** Raw data follows **

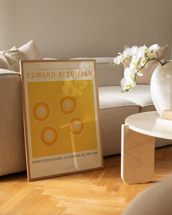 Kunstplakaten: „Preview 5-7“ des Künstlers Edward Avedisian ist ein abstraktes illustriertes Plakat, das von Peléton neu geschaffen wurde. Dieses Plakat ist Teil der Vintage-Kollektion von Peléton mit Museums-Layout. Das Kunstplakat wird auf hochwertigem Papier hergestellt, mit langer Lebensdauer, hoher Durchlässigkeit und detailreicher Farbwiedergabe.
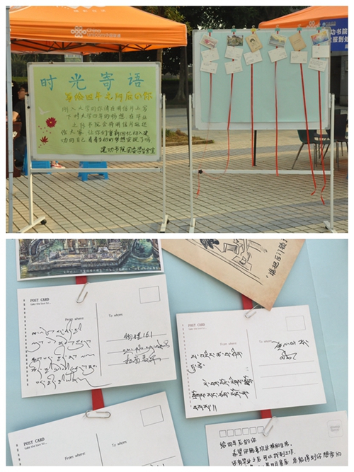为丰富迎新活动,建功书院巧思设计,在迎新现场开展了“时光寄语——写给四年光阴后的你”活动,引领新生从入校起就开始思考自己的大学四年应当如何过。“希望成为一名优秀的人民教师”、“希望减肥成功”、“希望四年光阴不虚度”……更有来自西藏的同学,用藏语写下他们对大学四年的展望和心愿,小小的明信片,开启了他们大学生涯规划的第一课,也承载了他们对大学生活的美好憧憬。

** End of Raw data **
** Raw data follows **

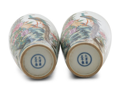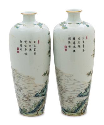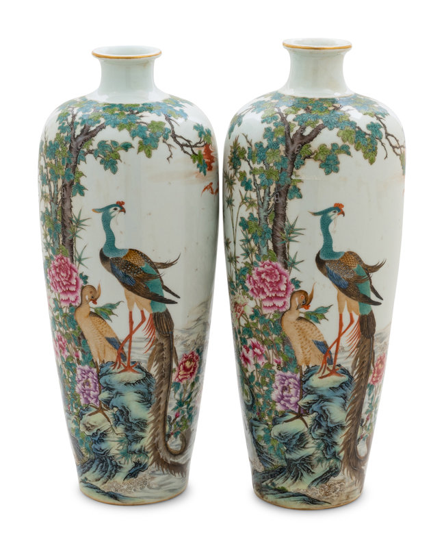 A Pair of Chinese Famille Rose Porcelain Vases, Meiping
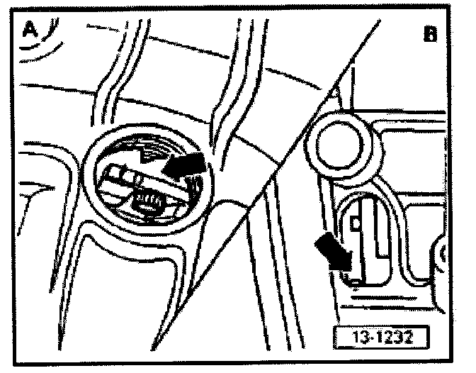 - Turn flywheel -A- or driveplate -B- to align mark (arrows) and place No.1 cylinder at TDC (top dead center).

** End of Raw data **
** Raw data follows **

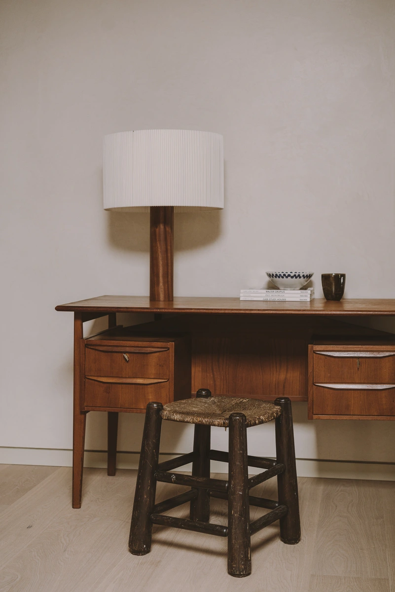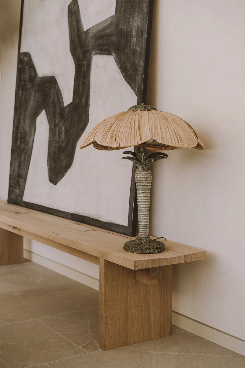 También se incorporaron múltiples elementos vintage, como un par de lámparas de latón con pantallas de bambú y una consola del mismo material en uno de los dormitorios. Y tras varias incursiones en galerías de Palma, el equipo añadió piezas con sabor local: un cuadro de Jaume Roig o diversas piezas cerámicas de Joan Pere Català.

** End of Raw data **

▸ Task objective:
Above are records; repeat only the lines from the line with "A Pair of Chinese" through the line with "- Turn flywheel", and leave pictures out.

▸ Exercise result:
 A Pair of Chinese Famille Rose Porcelain Vases, Meiping
 - Turn flywheel -A- or driveplate -B- to align mark (arrows) and place No.1 cylinder at TDC (top dead center).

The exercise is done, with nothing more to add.